Saved entries
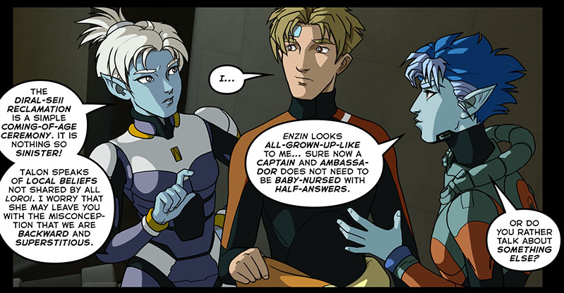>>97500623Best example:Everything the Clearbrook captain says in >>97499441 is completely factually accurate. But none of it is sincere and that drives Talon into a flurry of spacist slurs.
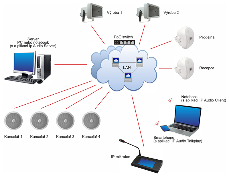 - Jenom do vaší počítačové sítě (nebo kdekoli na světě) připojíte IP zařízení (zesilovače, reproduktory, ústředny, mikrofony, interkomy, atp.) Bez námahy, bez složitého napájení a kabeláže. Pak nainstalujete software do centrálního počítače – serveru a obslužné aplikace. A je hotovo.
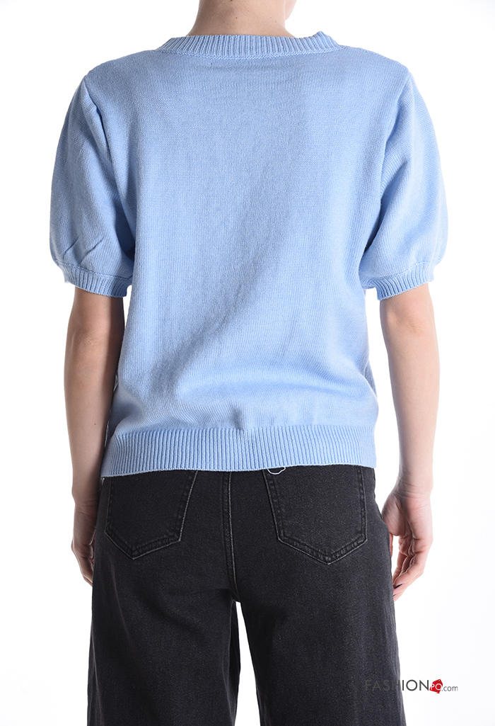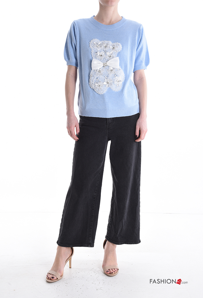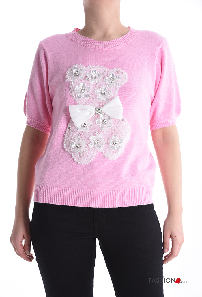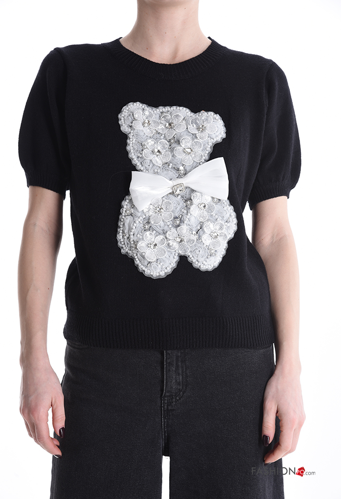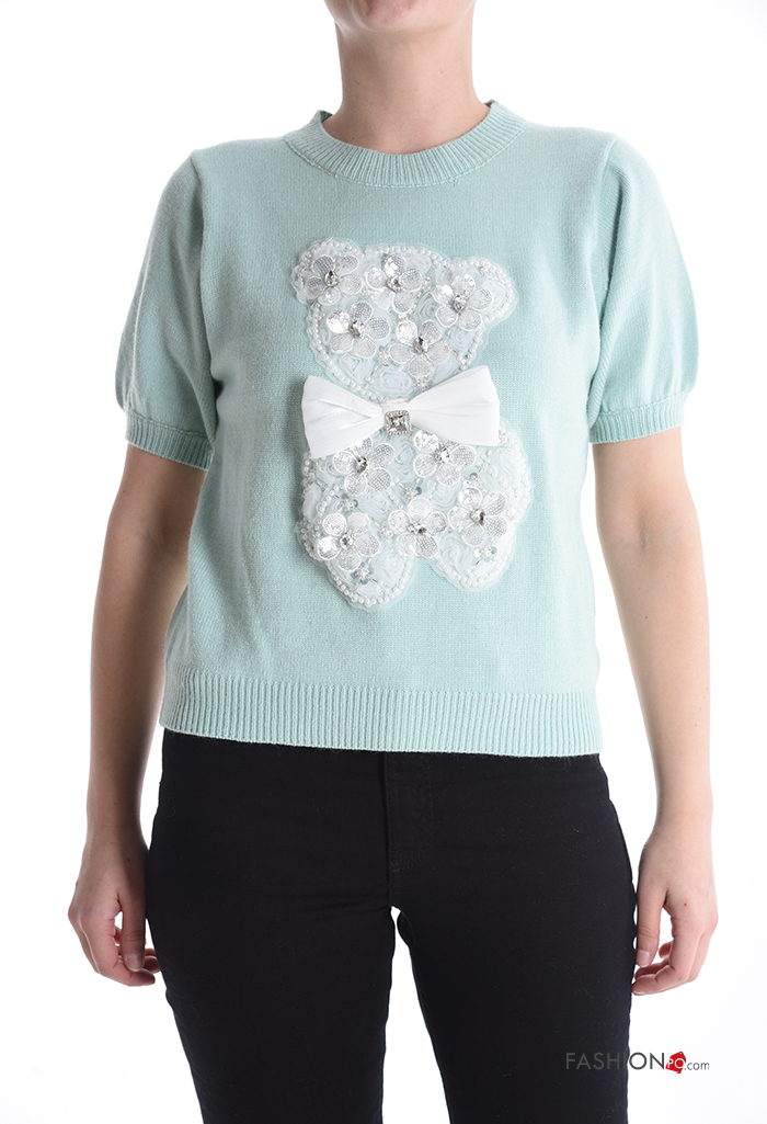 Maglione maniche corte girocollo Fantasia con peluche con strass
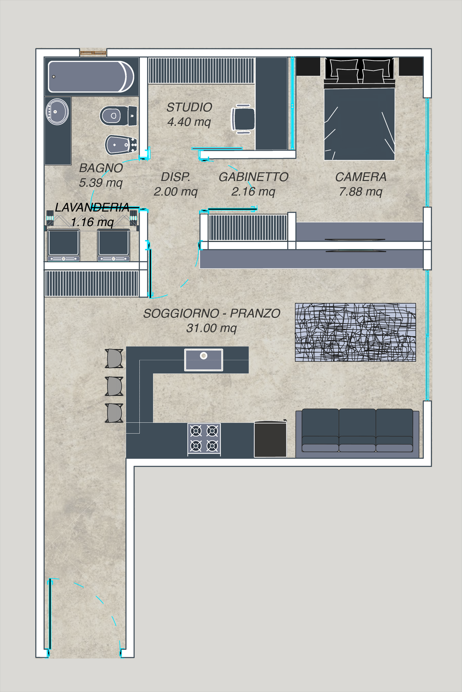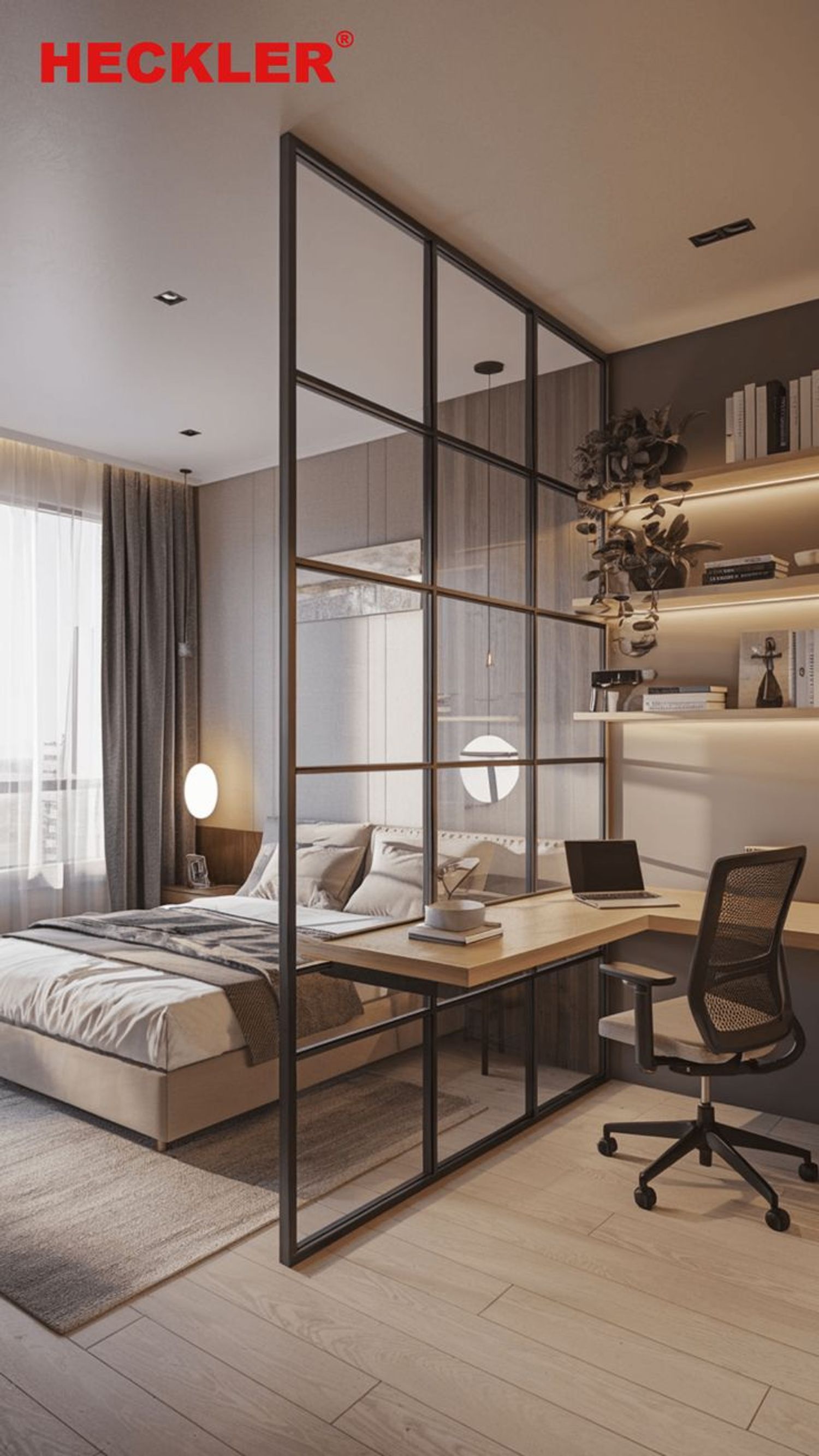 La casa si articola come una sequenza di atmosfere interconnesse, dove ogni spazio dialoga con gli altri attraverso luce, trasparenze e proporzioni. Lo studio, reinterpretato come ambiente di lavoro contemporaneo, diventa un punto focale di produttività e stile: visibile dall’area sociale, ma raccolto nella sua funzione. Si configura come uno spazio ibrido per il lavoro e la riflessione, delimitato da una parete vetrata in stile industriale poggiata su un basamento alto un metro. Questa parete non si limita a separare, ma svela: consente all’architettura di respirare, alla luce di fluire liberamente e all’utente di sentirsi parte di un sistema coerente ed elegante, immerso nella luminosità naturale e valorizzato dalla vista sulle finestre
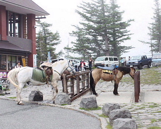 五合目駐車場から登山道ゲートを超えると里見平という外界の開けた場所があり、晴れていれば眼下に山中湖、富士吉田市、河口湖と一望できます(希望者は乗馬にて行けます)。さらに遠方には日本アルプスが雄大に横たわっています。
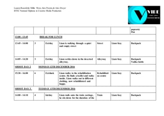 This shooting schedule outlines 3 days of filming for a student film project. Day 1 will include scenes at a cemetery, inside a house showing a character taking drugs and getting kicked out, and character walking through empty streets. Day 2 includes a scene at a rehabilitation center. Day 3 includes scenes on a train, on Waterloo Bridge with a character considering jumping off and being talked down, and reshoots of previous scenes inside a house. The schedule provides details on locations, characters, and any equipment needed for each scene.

YOUR GOAL >> Reproduce the records above from their first line to the line bearing "- Jenom do vaší", both ends included, leaving every picture out.

REPLY >>
>>97500623Best example:Everything the Clearbrook captain says in >>97499441 is completely factually accurate. But none of it is sincere and that drives Talon into a flurry of spacist slurs.
 - Jenom do vaší počítačové sítě (nebo kdekoli na světě) připojíte IP zařízení (zesilovače, reproduktory, ústředny, mikrofony, interkomy, atp.) Bez námahy, bez složitého napájení a kabeláže. Pak nainstalujete software do centrálního počítače – serveru a obslužné aplikace. A je hotovo.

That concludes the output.